While Donald Trump was never shy about criticizing Barack Obama for wasteful spending during his presidency, it looks like the new commander in chief is now saddling taxpayers with even more extravagant bills than his predecessor. According to newly uncovered Homeland Security budget documents, it costs $18 million a month for the Secret Service to protect Trump from accidentally killing himself in the bathroom.
Yep. That is one hefty price tag.
Since moving into the White House, the president’s bathroom habits have created a host of new security challenges for his Secret Service detail. On multiple occasions, Trump has almost accidentally hanged himself after getting his neck caught inside the toilet seat, and he’s twice had to get his stomach pumped after mistaking decorative potpourri for snacks. Unable to figure out the bathtub drain, Trump will often try to evaporate his bathwater with an armful of hairdryers, requiring two agents to stand guard at all times to prevent him from electrocuting himself.
Donald Trump’s campaign promise to cut government spending seems to be a distant memory now that he is racking up these massive bathroom security costs.
Already, millions of dollars in security infrastructure have been installed in the White House master bathroom to ensure the president’s safety. The marble floors have had to be replaced with expensive custom stick mats after multiple scares involving Trump running too fast in sweaty dress socks and slipping violently into the bathroom counter. The monogrammed White House towels, the rigid corners of which repeatedly managed to slice open Trump’s delicate skin, have now been replaced with specially engineered, silk-based rounded towels at an eye-popping cost of $10,000 a piece.
The glass shower door in the bathroom proved to be a liability after the president mistakenly smashed his head through it on the evening of his inauguration, requiring the installation of a safer, more visible shower rod and curtain. However, Trump’s propensity for getting perilously tangled in the curtain to the point of restricting blood flow has forced the Secret Service to abandon the curtain as well, and now agents employ a costly hydraulic platform to safely move him in and out of the shower. Furthermore, the bathroom’s toilet bowl and sink basins have all been safeguarded with high-tensile-strength industrial webbing to restrict the president from toppling face-forward and accidentally drowning himself.
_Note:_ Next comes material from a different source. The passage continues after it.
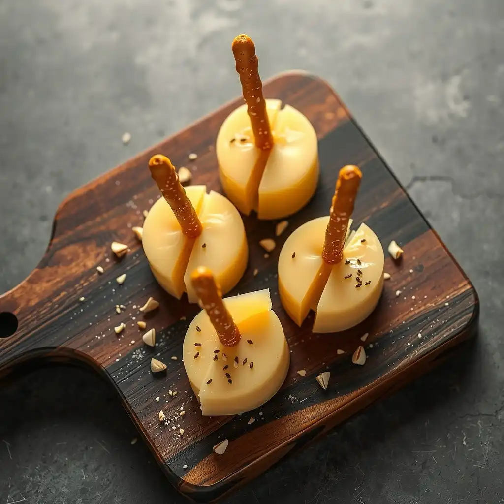 Inserta un palito de pretzel o brocheta en la base de cada montículo de queso.
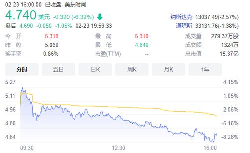 当日美股盘前,FF股价涨8.5%,开盘后则高开低走。截至美股收盘,FF报收4.74美元/股,跌幅6.32%,总市值15.37亿美元,较上市之初的约45亿美元市值已蒸发了超60%。

“As expensive as these modifications are, the most staggering costs are in training and maintaining the security task force so that they can be ready at a moment’s notice, 24 hours a day, to monitor the president in the restroom and assist him in safely executing his hygiene tasks without incident,” said a high-ranking Secret Service official on the condition of anonymity. “Without a team of elite security experts on hand to secure the president’s oral cavity with a protective mesh screen, there’d be an alarmingly high chance of him fatally choking on his toothbrush or even severing his uvula with a comb. Quite plainly, this is a matter of national security.”
In a move that should further incense the American taxpayer, the same exorbitant modifications made to his White House bathroom have also had to be implemented in bathrooms at his Mar-a-Lago estate in Florida, his residence in Trump Tower, and on Air Force One—the latter of which has been outfitted with a military-grade harness to prevent the president from dislodging the toilet module and getting vacuum-sucked out of the aircraft. Additionally, when traveling to and from engagements, a 10-vehicle lavatory-operations envoy must tag along with the motorcade to ensure that the president is not at risk should he need to make a restroom pit stop mid-route.
With a total bill of $216 million a year, the cost of keeping Trump from accidentally killing himself in the bathroom amounts to over two-thirds of the annual budget for the National Endowment for the Arts—a program from which Trump’s administration has pledged to eliminate funding entirely in coming years. For a billionaire who has never shied from bashing wasteful spending in politics, you’d think perhaps he’d be more careful about flushing so much money down the drain.